I just now got out of a three-and-a-half-hour rehearsal for the concert I’m presenting next week, of my Open Instrumentation Ensemble at Bard. December 14 at 7:30 in Bard Hall, we’ll be presenting the following marathon program:
Philip Glass: Music in Fifths
Willy Berliner: Persistence of Vision*
Samuel Vriezen: The Weather Riots
Frederic Rzewski: Attica
Brian Baumbusch: Cyclical Counterpoint with Sangse*
Rzewski: Les Moutons de Panurge
Julius Eastman: Gay Guerrilla
Jonathan Nocera: Blues for Julius Eastman*
Rhys Chatham: Guitar Trio
Terry Riley: In C
The pieces with asterisks are by Bard students, written for the ensemble. The historical highlight is Eastman’s Gay Guerrilla, which is scored for multiples of any instrument; he always performed it with pianos, and we’re giving what is, as far as I know, the world premiere of an electric guitar version. The students love the piece (you’ll note one of them wrote a piece dedicated to Julius), and they did a dynamite job of playing it tonight. When they started echoing the hymn “A Mighty Fortress Is Our God” back and forth, which Julius subverted as a gay manifesto, it was a goosebump moment, and I suddenly felt his sardonic spirit fill the room. To be an audience of one at such a performance (since the other players had gone home) was a humbling privilege. I hadn’t directed an ensemble since 1976 – the year I gave the Dallas premieres of some pieces by Reich, Glass, and Riley at Carruth Auditorium at SMU – and I have little experience to remind me how fulfilling it is.
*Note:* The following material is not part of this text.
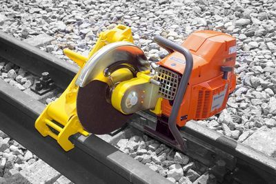 高强度轨道的快速经济切割 在工作过程中钢轨的切割通过可旋转轻金属导杆,无需转换 通过活动手柄上的张力弹簧平衡重力 电子转速控制 火花从操作人员旁边经过 切割轮直径为300mm和350mm(电动机旁为直径300mm)
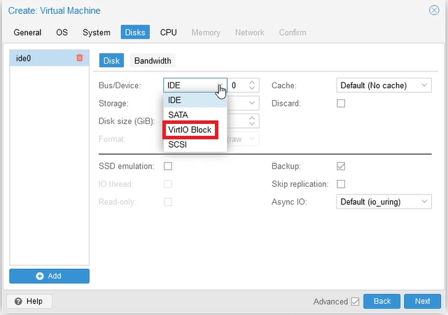 In the next tab: Disks, set the same principle: VirtIO Block, selecting the type of supported device. We’ll add the drivers later.

I’m also very proud that these students will graduate free from the academic fallacy that a score must be a complete and detailed reflection of a predetermined sonic image; that they’ll always know that compelling music can be made with repeat signs, gradual processes, and considerable performer latitude, and that it can be a real blast to try out the same music with a variety of different instrumentations, and with diverse dynamic shadings. The student pieces allow lots of performer decisions, and the composers have had fun experimenting with different rules and combinations in rehearsal – so utterly different from the classical experience in which they’re expected to notate every nuance for professional players who will execute their notation with computer-like precision. The students’ enthusiasm and dedication have astonished me, and made me proud that I have this important Downtown repertoire, and attitude, to pass on to them.